Cloud vs Self-Hosted

Feature Self-hosted Cloud (fastcrw.com)
Setup cargo install crw-server Sign up → get API key
Infrastructure You manage Fully managed
Proxy Bring your own Global proxy network
Scaling Manual Auto-scaling
API Firecrawl-compatible Same Firecrawl-compatible API

Both use the same Firecrawl-compatible API — your code works with either. Switch between self-hosted and cloud by changing the base URL.

Quick Start

MCP (AI agents — recommended):

claude mcp add crw -- npx crw-mcp

That's it. Claude Code now has crw_scrape, crw_crawl, crw_map tools. For Cursor, Windsurf, Cline, and other MCP clients, see MCP Server.

CLI (no server needed):

cargo install crw-cli
crw https://example.com

Self-hosted server:

cargo install crw-server
crw-server

Enable JS rendering (optional):

crw-server setup

This downloads LightPanda and creates a config.local.toml for JS rendering.
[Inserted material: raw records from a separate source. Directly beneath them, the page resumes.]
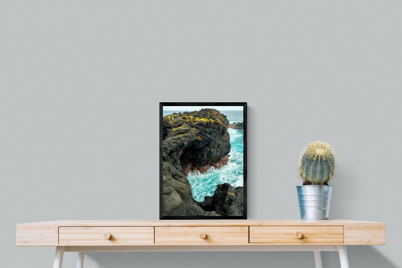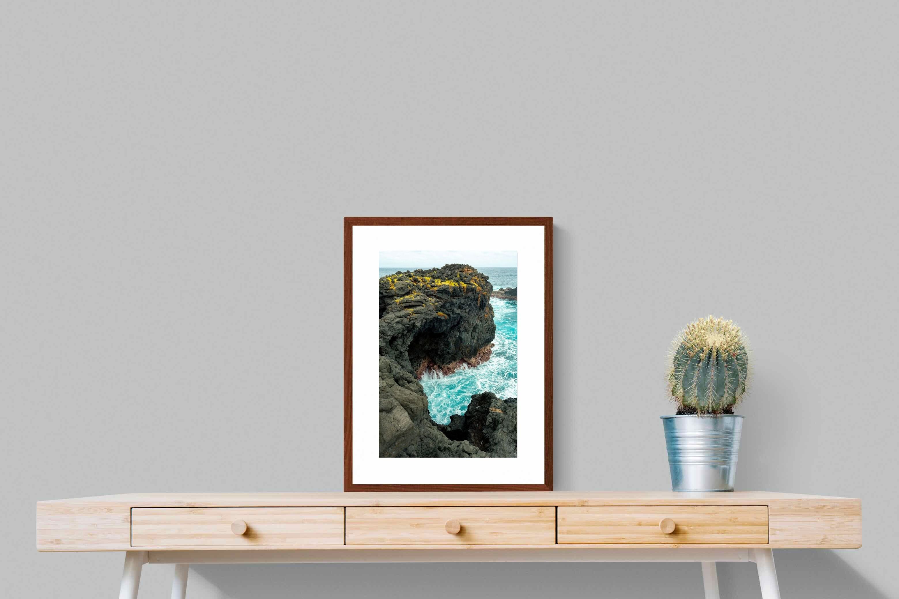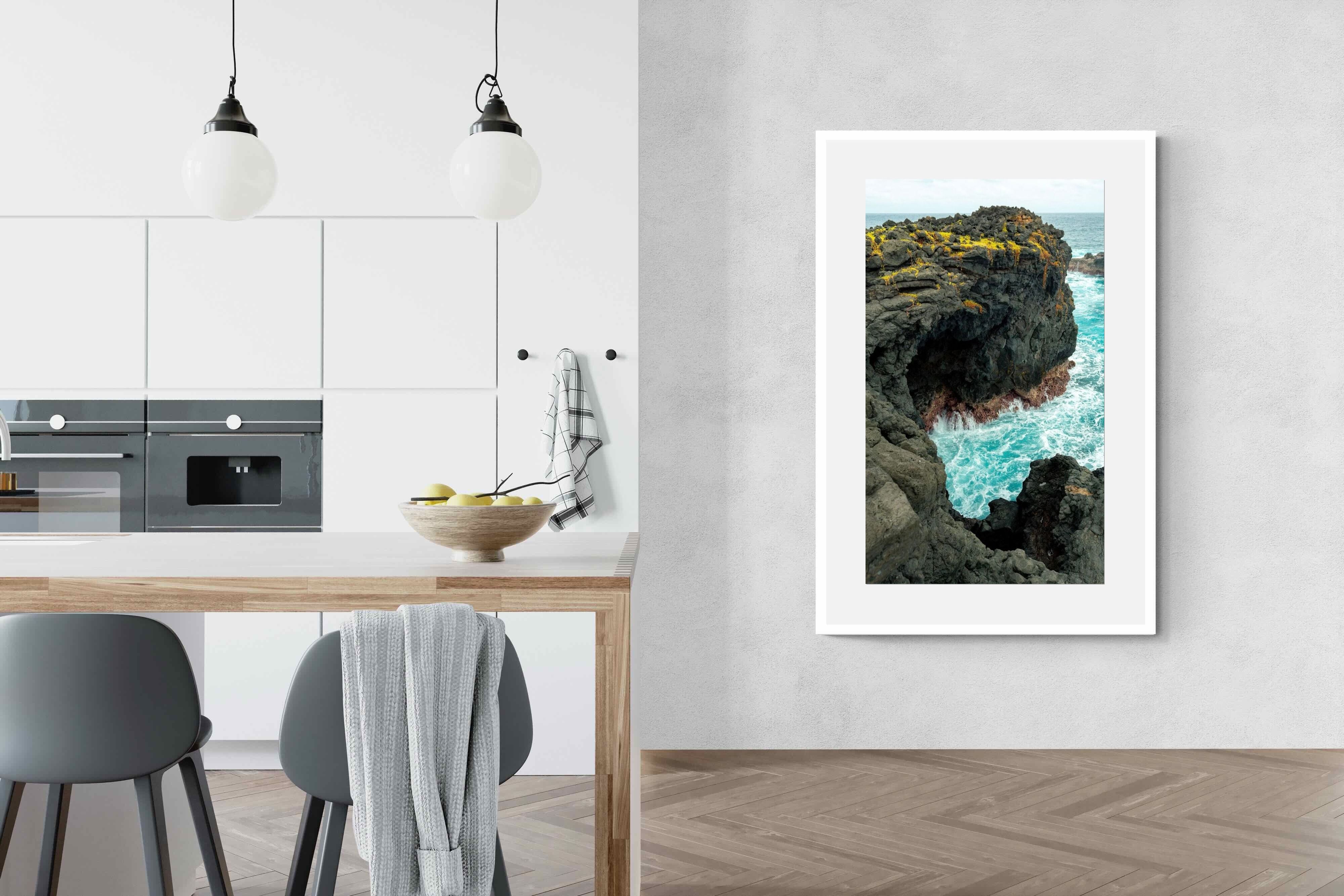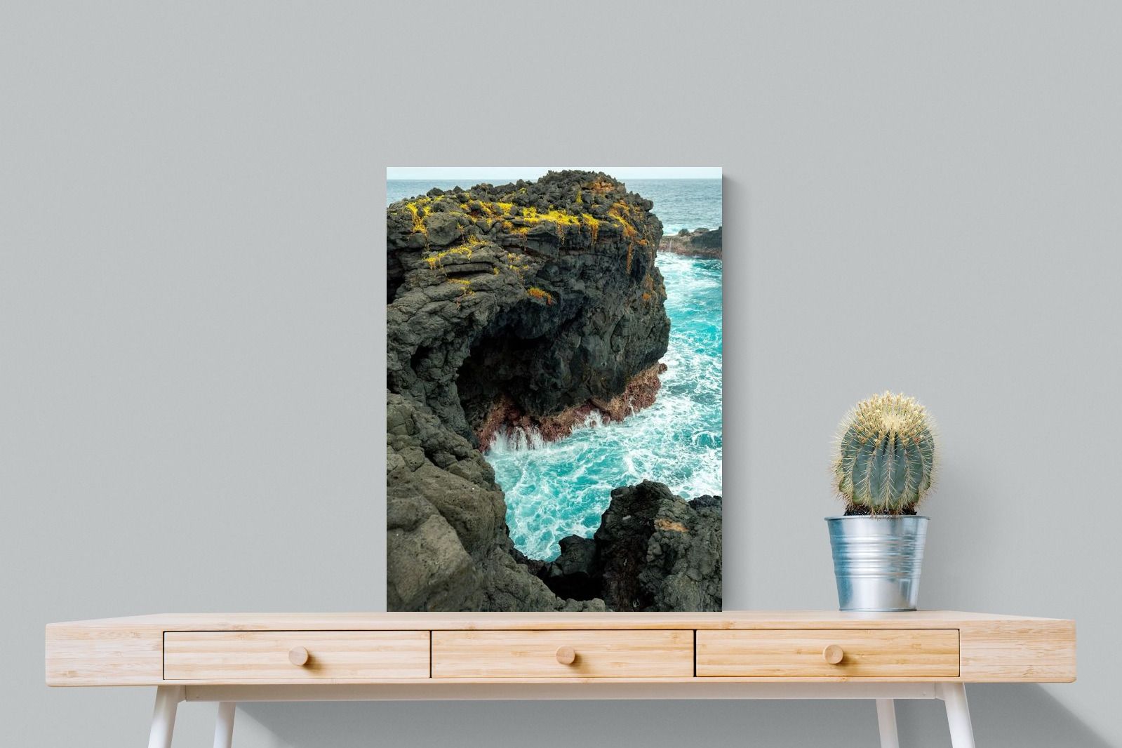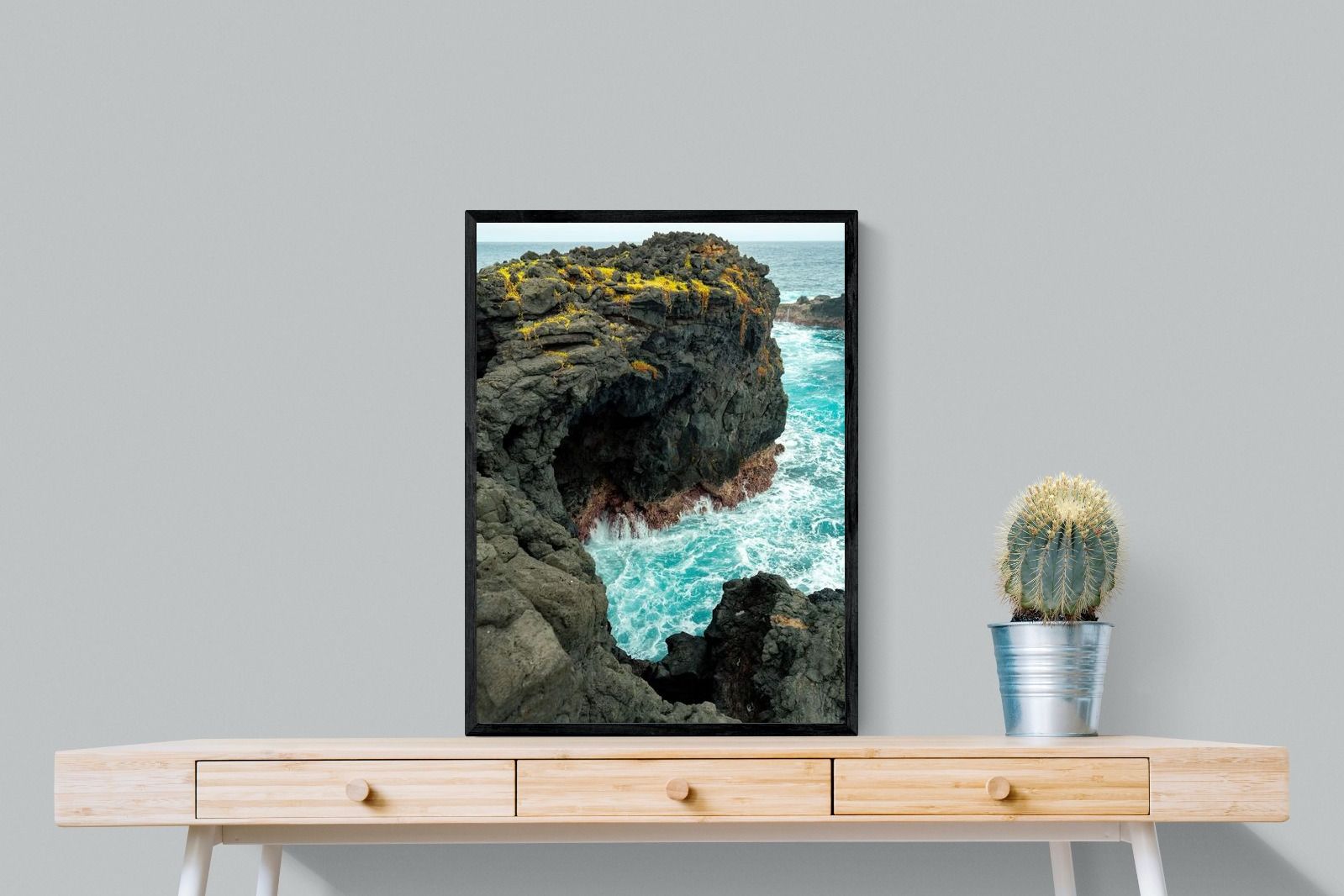 Powerful turquoise waves crash against rugged volcanic cliffs along the wild coastline of São Tomé and Príncipe. Dark rock formations rise sharply above the Atlantic while bright coastal vegetation clings to the stone, adding vivid contrast to the scene. The photograph captures the raw beauty and geological drama of this remote island landscape. A striking wall art piece that brings natural energy and adventurous coastal character to contemporary interiors.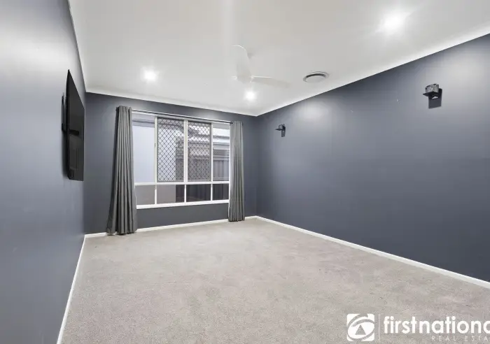 Additional highlights include a separate carpeted media room for movie nights, smart lighting, and zoned ducted air-conditioning controllable via smartphone or wall panel. A 6.6kW solar system and solar hot water ensure the home is energy-efficient and cost-effective year-round.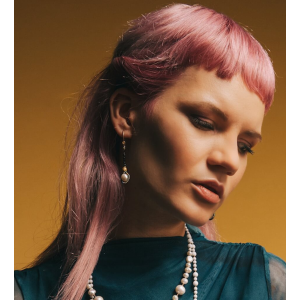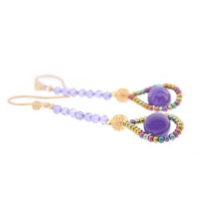 Un sottile uncino argentato e dorato ospita il logo Ziio. Gli orecchini Bloom M Viola sono lunghi 6 cm.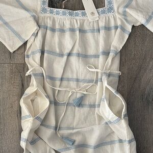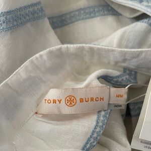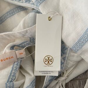 Tory Burch Light Blue and White Striped Midi Dress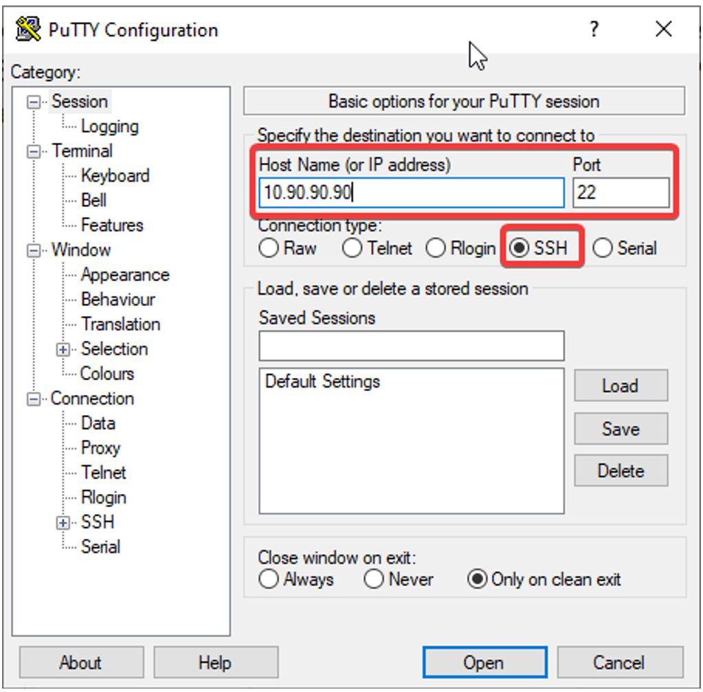 - На экране появится панель входа приложения Putty. В строке Connection type выберите SSH, в строке Host Name (or IP address) введите 90.90.90, в поле Port —22. Нажмите кнопку Open.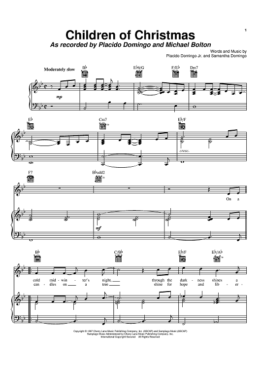 Digital Sheet Music for Children Of Christmas by Placido Domingo Jr., Samantha Domingo scored for Piano/Vocal/Chords; id:371713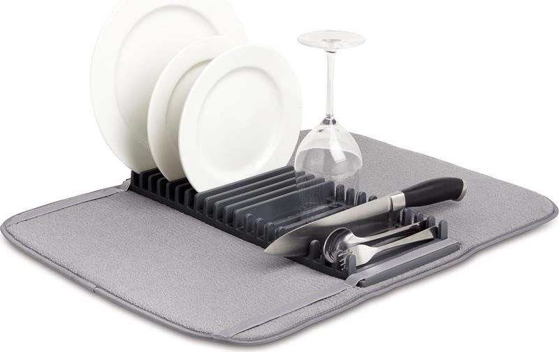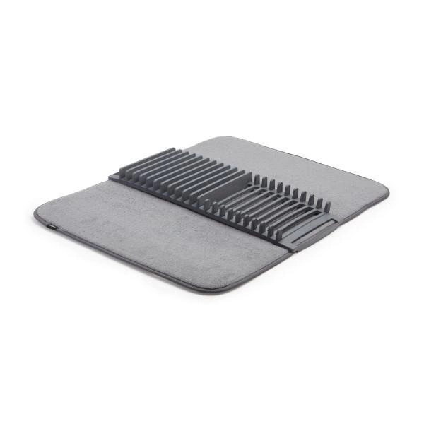 Mikrofibrowa mata do suszenia naczyń i ociekacz Udry marki Umbra to praktyczne rozwiązanie na blat kuchenny, które łączy funkcjonalność i nowoczesny design. Produkt o wymiarach 60x46 cm wykonano z wyjątkowo chłonnej tkaniny oraz wytrzymałego tworzywa, zapewniając optymalne warunki do suszenia i przechowywania naczyń. Jasnoszary kolor doskonale wpisuje się w współczesne aranżacje kuchni, a przemyślana konstrukcja sprawia, że mata ociekacz na naczynia jest nie tylko skuteczna, ale i wygodna w codziennym użytkowaniu.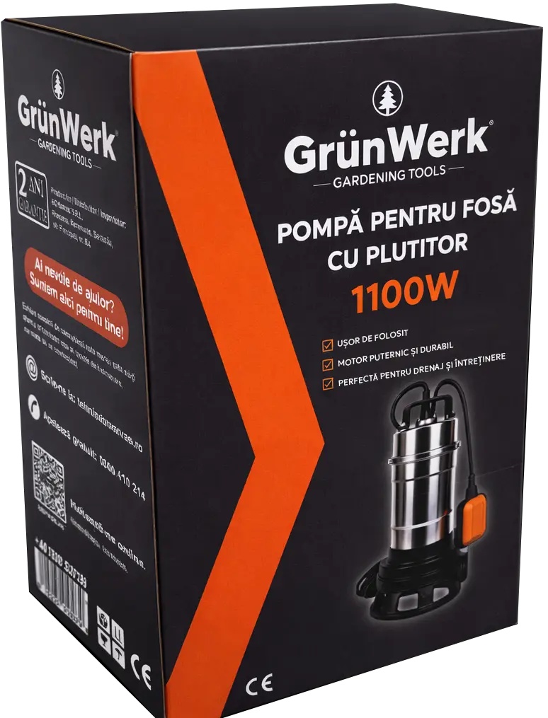 Pompa submersibila apa murdara inox GW GW7181, 1.1kW (1100W), cu plutitor automat, cablu 6.7m, pentru drenaj si evacuare apa cu impuritati Pompa apa murdara inox cu plutitor GW GW7181 1.1kW este o pompa submersibila destinata evacuarii rapide si eficiente a apei cu impuritati din beciuri, fose, rezervoare, santiere sau alte zone inundate. Carcasa din otel inoxidabil ofera rezistenta excelenta la coroziune si uzura, fiind potrivita pentru utilizare intensiva in medii umede sau agresive. Echipata cu plutitor automat, pompa porneste si se opreste in functie de nivelul apei, asigurand protectie impotriva functionarii in gol si optimizand consumul de energie. Motorul de 1100W (1.1kW) garanteaza performanta constanta si capacitate ridicata de drenaj in aplicatii solicitante. Lungimea cablului de alimentare de 6.7 m permite instalare flexibila in bazine, fose sau rezervoare, iar montajul submersibil asigura utilizare directa in apa murdara. Specificatii tehnice: Model: GW GW7181 Tip pompa: submersibila pentru apa murdara Putere: 1100W (1.1kW) Material carcasa: otel inoxidabil Sistem functionare: cu plutitor automat Lungime cablu alimentare: 6.7 m Montaj: submersibil Utilizare: evacuare apa murdara cu impuritati Inaltime: 41 cm Latime: 18 cm Circumferinta: 40.5 cm Avantaje: Carcasa inox rezistenta la coroziune Pornire si oprire automata prin plutitor Performanta stabila in conditii dificile Ideala pentru drenaj si golire rapida Intretinere usoara si durata mare de viata Utilizari Pompa apa murdara inox cu plutitor GW7181 este recomandata pentru: Evacuarea apei din subsoluri si beciuri inundate Golirea foselor si rezervoarelor Drenaj pe santiere Aplicatii agricole si gospodaresti Transfer apa murdara cu impuritati Prin motorul de 1.1kW, constructia din inox si sistemul automat cu plutitor, pompa submersibila GW GW7181 ofera fiabilitate, rezistenta si eficienta in aplicatii de evacuare apa murdara.

See JS Rendering for details.

Cloud (no setup):

curl -X POST https://fastcrw.com/api/v1/scrape \
  -H "Authorization: Bearer YOUR_API_KEY" \
  -H "Content-Type: application/json" \
  -d '{"url": "https://example.com"}'

Get your API key at fastcrw.com — 500 free credits included.

Docker:

docker run -p 3000:3000 ghcr.io/us/crw:latest

Docker Compose (with JS rendering):

docker compose up

Scrape a page:

curl -X POST http://localhost:3000/v1/scrape \
  -H "Content-Type: application/json" \
  -d '{"url": "https://example.com"}'
{
  "success": true,
  "data": {
    "markdown": "# Example Domain\nThis domain is for use in ...",
    "metadata": {
      "title": "Example Domain",
      "sourceURL": "https://example.com",
      "statusCode": 200,
      "elapsedMs": 32
    }
  }
}

Use Cases

  • RAG pipelines — crawl websites and extract structured data for vector databases
  • AI agents — give Claude Code or Claude Desktop web scraping tools via MCP
  • Content monitoring — periodic crawl with LLM extraction to track changes
  • Data extraction — combine CSS selectors + LLM to extract any schema from any page
  • Web archiving — full-site BFS crawl to markdown

API Endpoints

Method Endpoint Description
POST /v1/scrape Scrape a single URL, optionally with LLM extraction
POST /v1/crawl Start async BFS crawl (returns job ID)
GET /v1/crawl/:id Check crawl status and retrieve results
DELETE /v1/crawl/:id Cancel a running crawl job
POST /v1/map Discover all URLs on a site
GET /health Health check (no auth required)
POST /mcp Streamable HTTP MCP transport

LLM Structured Extraction

Send a JSON schema with your scrape request and CRW returns validated structured data using LLM function calling.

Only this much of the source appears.